On 5/21/15 5:20 AM, thierry bordaz wrote:
On 05/21/2015 01:36 PM, Janelle wrote:
On 5/20/15 7:53 AM, Mark Reynolds wrote:
On 05/20/2015 10:17 AM, thierry bordaz wrote:
On 05/20/2015 03:46 PM, Janelle wrote:
On 5/20/15 6:01 AM, thierry bordaz wrote:
On 05/20/2015 02:57 AM, Janelle wrote:
On 5/19/15 12:04 AM, thierry bordaz wrote:
On 05/19/2015 03:42 AM, Janelle wrote:
On 5/18/15 6:23 PM, Janelle wrote:
Once again, replication/sync has been lost. I really wish the
product was more stable, it is so much potential and yet.

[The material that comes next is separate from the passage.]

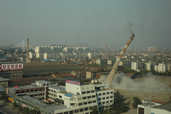 ----為全市實現“十一五”節能減排目標作出貢獻 11月8日下午3點整,隨著一聲悶響,位于南通熱電公司內一根有30年歷史的煙囪,順著設定的東南方向緩緩倒下,這標志著西城區集中供熱項目最后掃尾工作順利完成。 被爆破的煙囪高約80米,建于1980年,是由南通人自己建造的第一座高層煙囪,也是主城區最高的煙囪。去年,市委、市政府決定關停南通熱電和江山熱電,統一由大型供電企業集中供熱、供電。兩家熱電廠的關停,年可節約標準煤10萬噸、減排SO2約2800噸,為市區實現“十一五”節能減排目標作出重大貢獻。
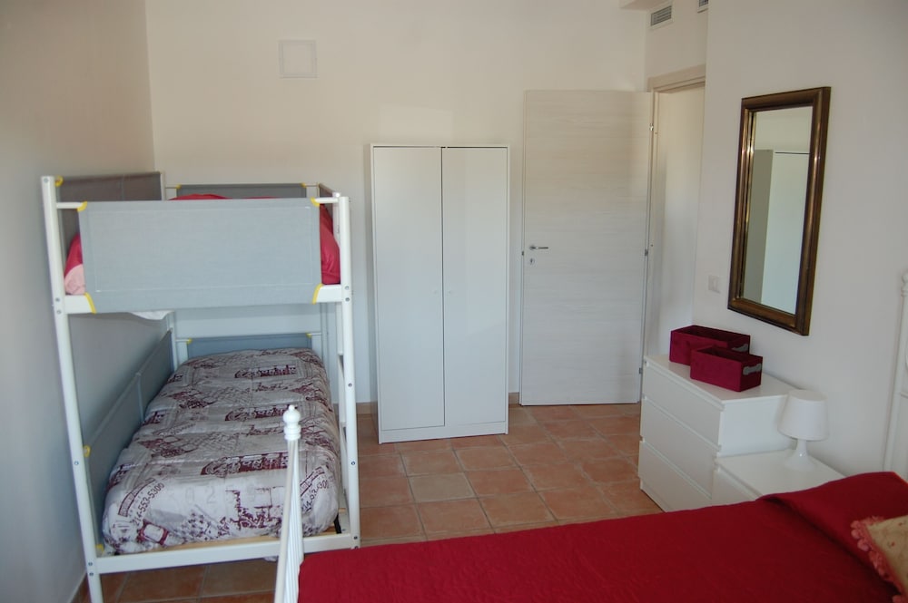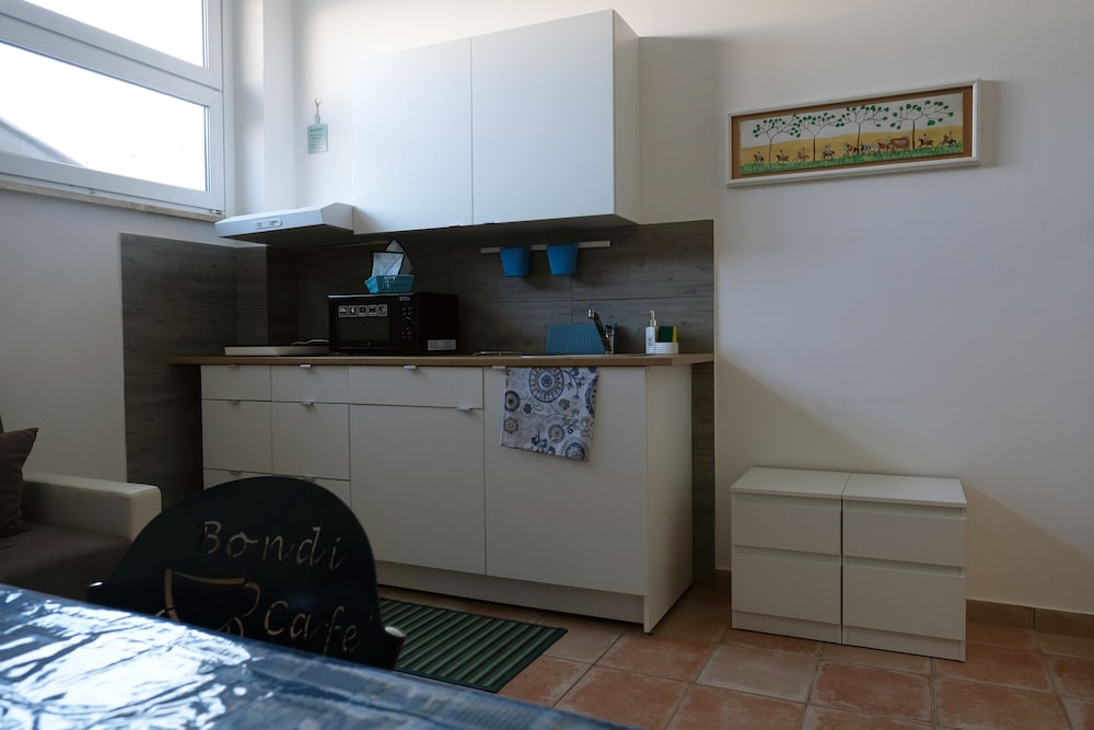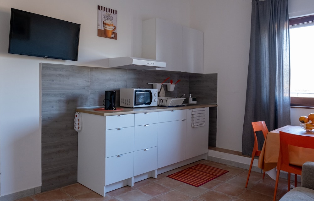 Camera pulita, cucina ben organizzata, posizione rispetto al mare buona.

Servers running for 6 days no issues. No new accounts or
changes (maybe a few users changing passwords) and again, 5
out of 16 servers are no longer in sync.
I can test it easily by adding an account and then waiting a
few minutes, then run "ipa user-show --all username" on all
the servers, and only a few of them have the account. I have
now waited 15 minutes, still no luck.
Oh well.. I guess I will go look at alternatives. I had such
high hopes for this tool. Thanks so much everyone for all
your help in trying to get things stable, but for whatever
reason, there is a random loss of sync among the servers and
obviously this is not acceptable.
regards
~J
All the replicas are happy again. I found these again:
unable to decode {replica 16} 55356472000300100000
55356472000300100000
unable to decode {replica 23} 5553e3a3000000170000
55543240000300170000
unable to decode {replica 24} 554d53d3000000180000
554d54a4000200180000
What I also found to be interesting is that I have not deleted
any masters at all, so this was quite perplexing where the
orphaned entries came from. However I did find 3 of the replicas
did not show complete RUV lists... While most of the replicas
had a list of all 16 servers, a couple of them listed only 4 or
5. (using ipa-replica-manage list-ruv)
I don't know about the orphaned entries. Did you get entries
below deleted parents ?
AFAIK all replicas are master and so have an entry {replica
<rid>} in the RUV. We should expect all servers having the same
number of RUVelements (16, 4 or 5). The servers with 4 or 5 may
be isolated so that they did not received updates from those with
16 RUVelements.
would you copy/paste an example of RUV with 16 and with 4-5 ?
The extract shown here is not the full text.